The “final” privacy regulations (Final Rule) under the Health Insurance Portability and Accountability Act (HIPAA) apply to certain medical data held by health care providers, insurance companies and health plans.
They become effective March 26, and, in general, covered entities and business associates are required to comply by Sept. 23.
Under the Final Rule, “business associates” of health care providers and health plans will be held liable directly under the HIPAA security rules. In general, a business associate is a person or entity performing services for covered entity that involves access to protected health information (PHI). A person or business becomes a business associate by operation of the law. Data storage companies, law firms and other service providers can be considered business associates.
Business associates are liable for, among other things:
• Unlawful uses and disclosures of PHI.
• Failure to provide breach of privacy notifications.
• Failure to provide access to a copy of electronic PHI to the covered entity, the individual, or the individual’s designee.
• Failure to disclose PHI to the Secretary of Health and Human Services in HIPAA investigations.
• Failure to provide an accounting of disclosures.

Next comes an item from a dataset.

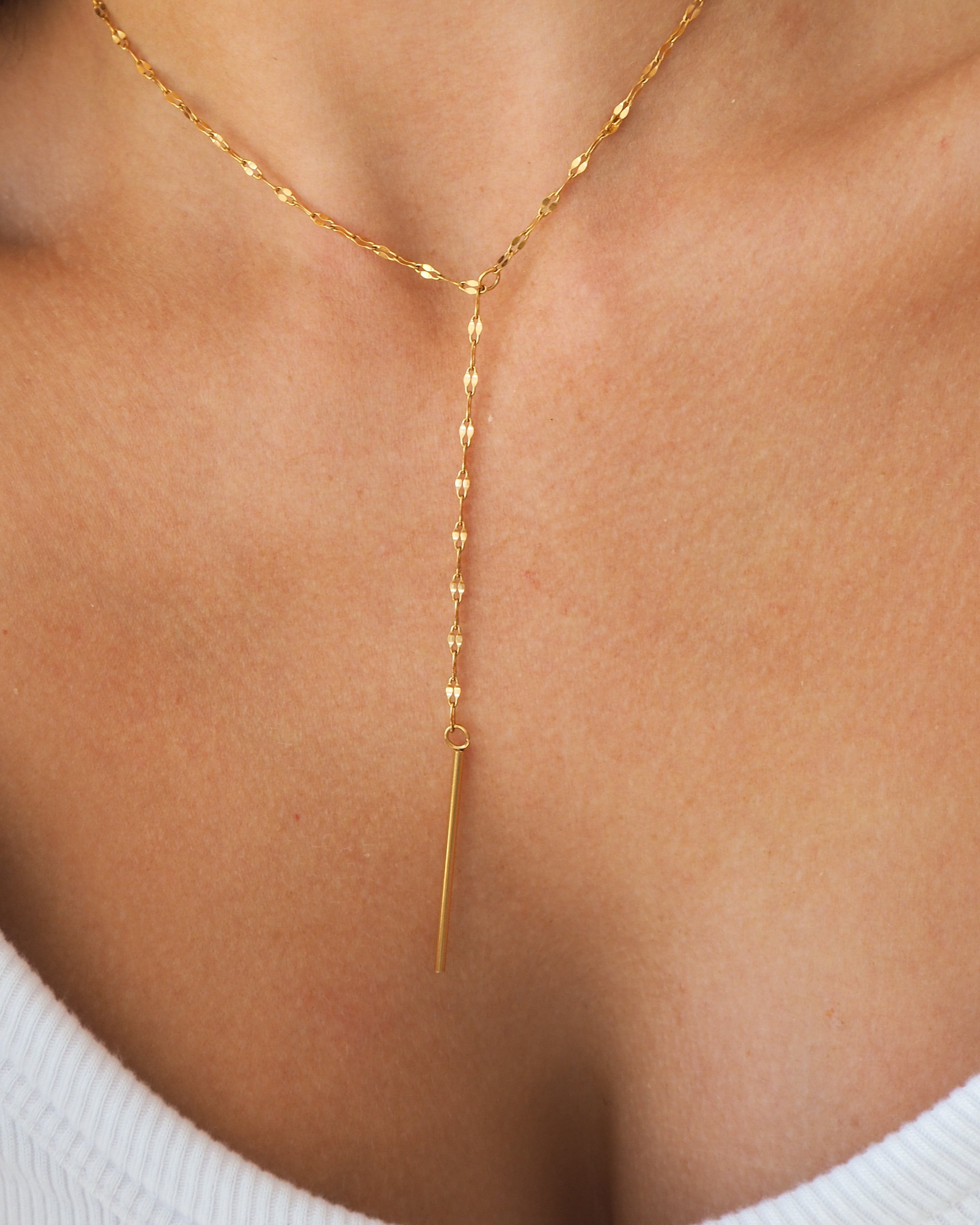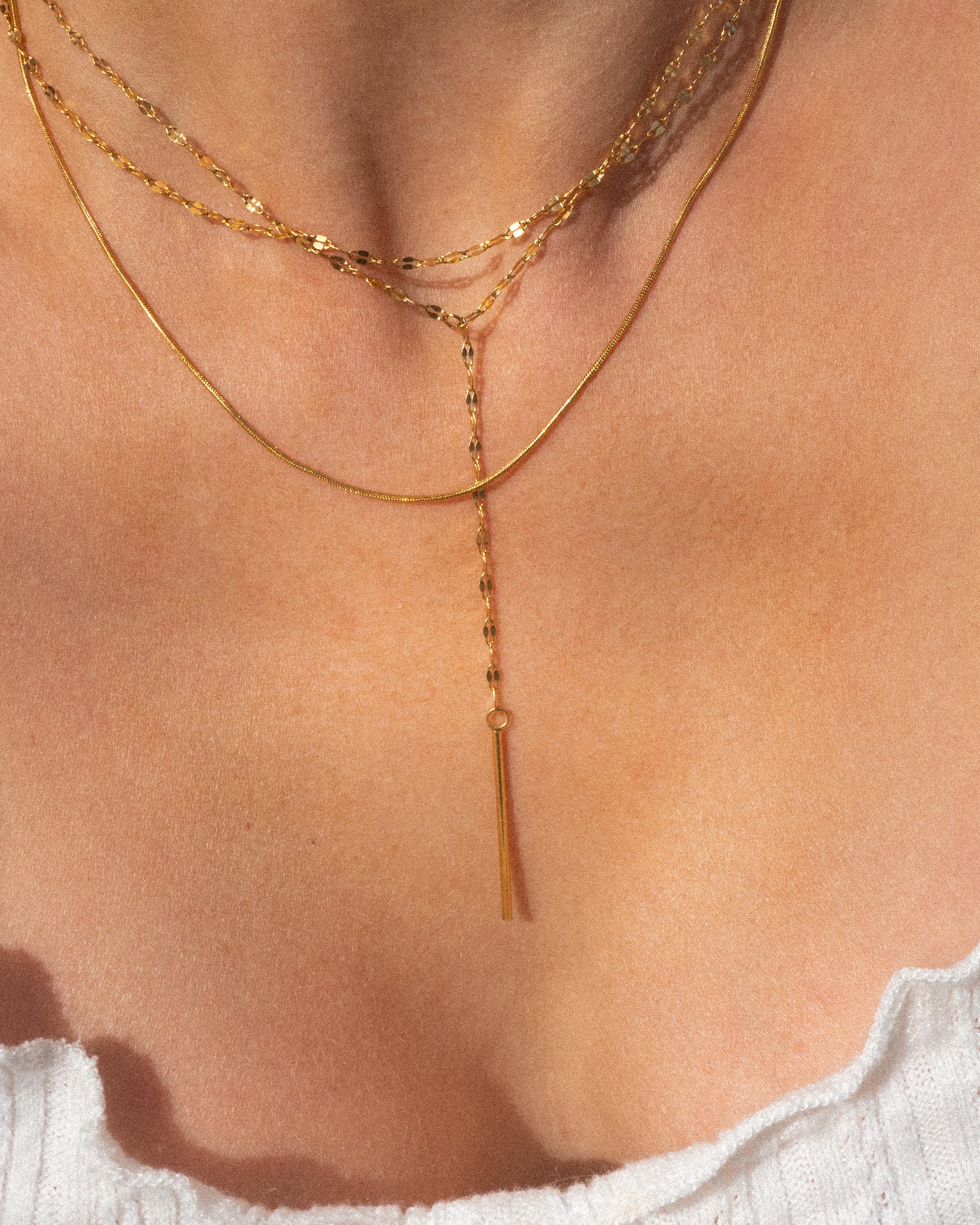 Gold Plated Stainless Steel Shimmer Y Chain Necklace

• Failure to comply with the HIPAA Security Rules.
The Final Rule establishes a legal presumption that impermissible uses and disclosures of PHI are privacy breaches. Covered entities can rebut that presumption by engaging in a risk assessment to determine whether there is a low probability that PHI has been compromised.
A risk assessment must examine at least the following factors:
• The nature and extent of the PHI involved.
• The unauthorized person to whom the disclosure was made.
• Whether the PHI was actually acquired or viewed.
• The extent to which the risk has been mitigated.
If the covered entity cannot demonstrate a low probability of compromise, notification is required.
The penalties for a violation of the privacy and security rules include:
• $100-$50,000 per violation when a entity or business associate “did not know” and, by exercising reasonable diligence, would not have known of a violation.
• $1,000-$50,000 per violation when a violation was due to reasonable cause and not to willful neglect.
• $10,000-$50,000 per violation when the violation was due to willful neglect and was timely corrected.
• At least $50,000 for each violation when the violation was due to willful neglect and was not timely corrected.
Examples of willful neglect include:
• Failure to respond to an individual’s request that it restrict its uses and refusing to accept requests for restrictions from individual patients.
• Loss of an unencrypted laptop that contained health information and deciding not to provide notification in an effort to avoid public relations issues.
It is important to review your current policies, business associate agreements and notifications in order to ensure compliance with these new rules or face potential penalties.
James Mulroy is managing partner of the Memphis office of Jackson Lewis LLP.